**EXERCISE DESCRIPTION**
Lines below starting with the line with "Advanced organizations identify" and going on through the line with "Scroll down the" must be output exactly; the rest of the records must be left out.

**EXTRACTED INFORMATION**
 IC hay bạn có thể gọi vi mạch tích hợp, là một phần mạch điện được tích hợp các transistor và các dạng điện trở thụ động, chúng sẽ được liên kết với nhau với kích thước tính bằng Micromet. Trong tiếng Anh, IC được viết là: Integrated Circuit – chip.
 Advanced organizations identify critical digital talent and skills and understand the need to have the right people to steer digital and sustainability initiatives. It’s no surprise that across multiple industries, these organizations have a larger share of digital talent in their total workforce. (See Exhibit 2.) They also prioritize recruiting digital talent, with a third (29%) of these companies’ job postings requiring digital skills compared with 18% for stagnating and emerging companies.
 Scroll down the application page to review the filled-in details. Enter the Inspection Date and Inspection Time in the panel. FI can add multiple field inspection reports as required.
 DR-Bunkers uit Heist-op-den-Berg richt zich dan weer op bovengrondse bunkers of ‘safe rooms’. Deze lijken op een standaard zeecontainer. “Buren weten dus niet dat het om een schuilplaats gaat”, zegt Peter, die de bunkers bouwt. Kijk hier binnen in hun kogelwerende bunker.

==

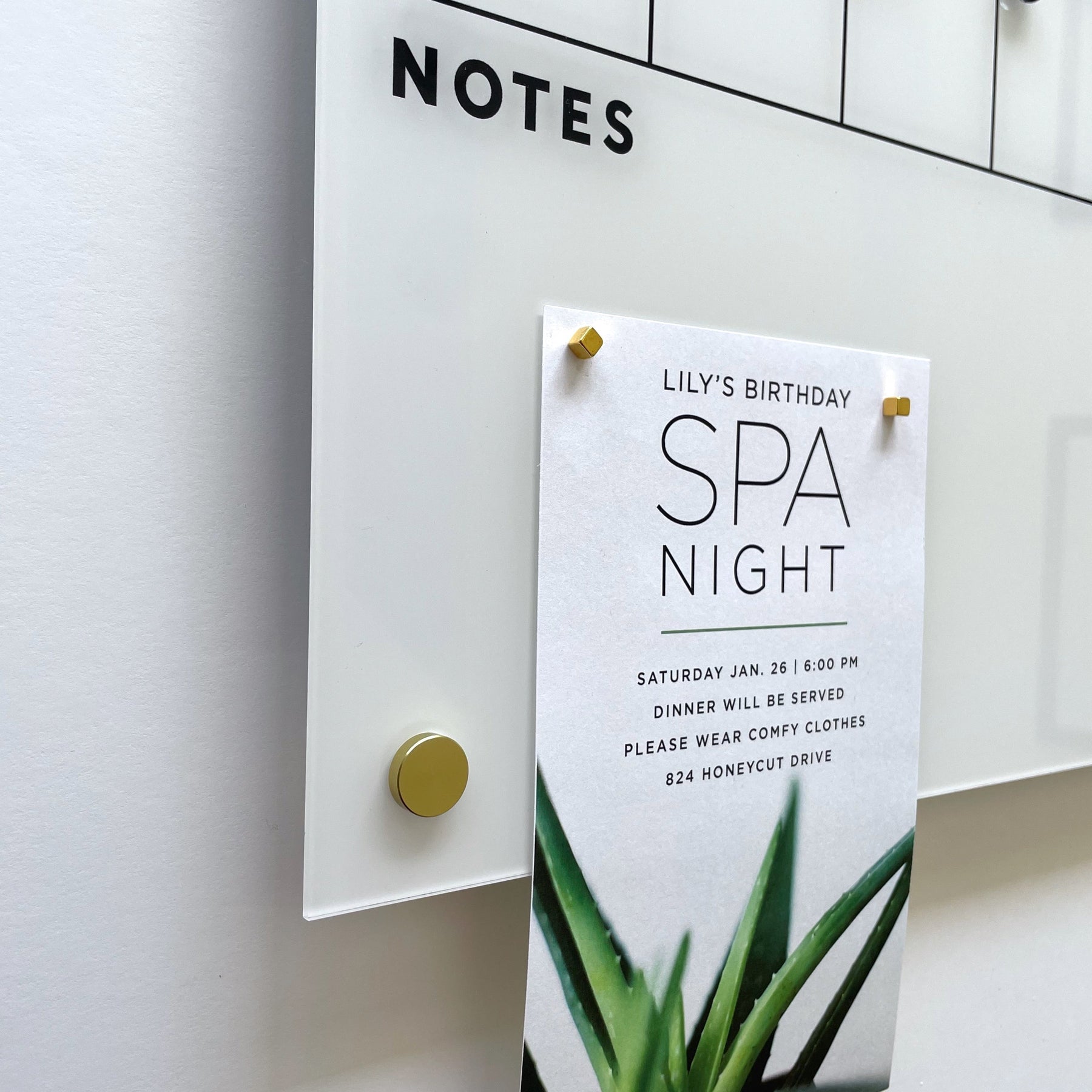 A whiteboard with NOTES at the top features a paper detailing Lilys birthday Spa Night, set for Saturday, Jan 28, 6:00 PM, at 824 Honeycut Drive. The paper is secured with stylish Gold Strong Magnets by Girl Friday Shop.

**TASK RESULT**
 Advanced organizations identify critical digital talent and skills and understand the need to have the right people to steer digital and sustainability initiatives. It’s no surprise that across multiple industries, these organizations have a larger share of digital talent in their total workforce. (See Exhibit 2.) They also prioritize recruiting digital talent, with a third (29%) of these companies’ job postings requiring digital skills compared with 18% for stagnating and emerging companies.
 Scroll down the application page to review the filled-in details. Enter the Inspection Date and Inspection Time in the panel. FI can add multiple field inspection reports as required.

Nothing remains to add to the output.